• **Dataset extract**:
* * *

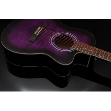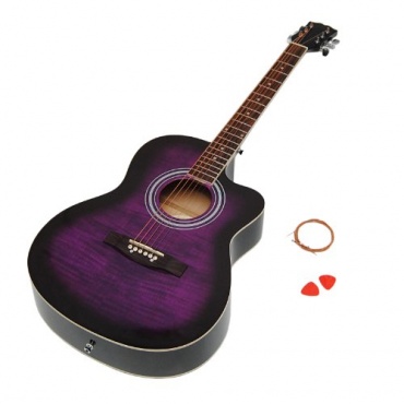 Diese Design Akustik Gitarre spielt sich nicht nur gut, sie sieht auch so aus. Es ist vor allem die Farbe Flieder, welche zum träumen einlädt und dieser Gitarre das gewisse Etwas verleiht. Nicht viele Gitarren können mit solch einer Schönheit überzeugen. Darüber hinaus kann sich der Preis, als auch die hochwertigen Saiten sehen lassen.
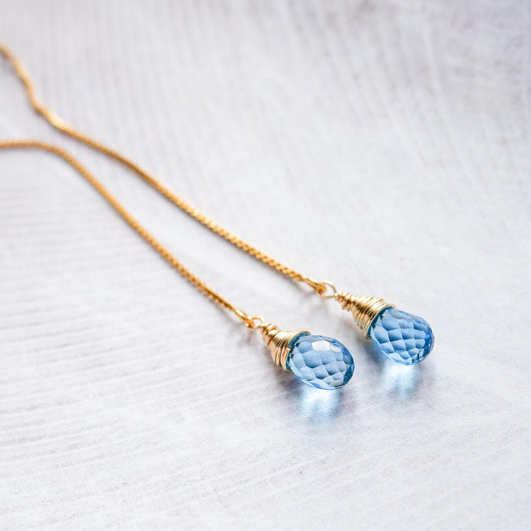 These sleek ear threaders are just perfect for letting the gorgeous Swiss Blue Topaz shine. They're also really versatile, allowing you to wear the gems at the same or different lengths on each earlobe to create fun asymmetrical looks.
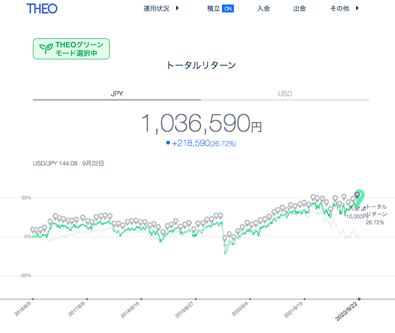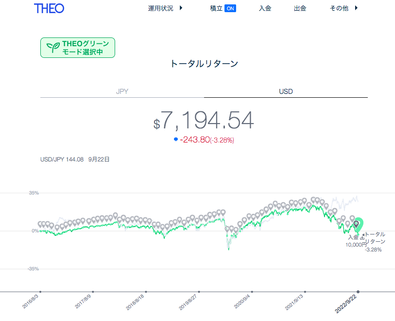 THEOもドル建て、円建ていずれもマイナス推移です。為替の影響が大きく、ドル建てに比べて円建てが大きくプラスになっています。円建てでは20%超えで推移していますが、ドル建てではついにマイ転。円安の影響でプラスに推移していますね。外貨建てを保有している人にはこの円安は追い風です。

* * *

• **Work instruction**: What is needed here is an exact transcript of the data above, pictures excluded.

• **Answer to this problem**:
 Diese Design Akustik Gitarre spielt sich nicht nur gut, sie sieht auch so aus. Es ist vor allem die Farbe Flieder, welche zum träumen einlädt und dieser Gitarre das gewisse Etwas verleiht. Nicht viele Gitarren können mit solch einer Schönheit überzeugen. Darüber hinaus kann sich der Preis, als auch die hochwertigen Saiten sehen lassen.
 These sleek ear threaders are just perfect for letting the gorgeous Swiss Blue Topaz shine. They're also really versatile, allowing you to wear the gems at the same or different lengths on each earlobe to create fun asymmetrical looks.
 THEOもドル建て、円建ていずれもマイナス推移です。為替の影響が大きく、ドル建てに比べて円建てが大きくプラスになっています。円建てでは20%超えで推移していますが、ドル建てではついにマイ転。円安の影響でプラスに推移していますね。外貨建てを保有している人にはこの円安は追い風です。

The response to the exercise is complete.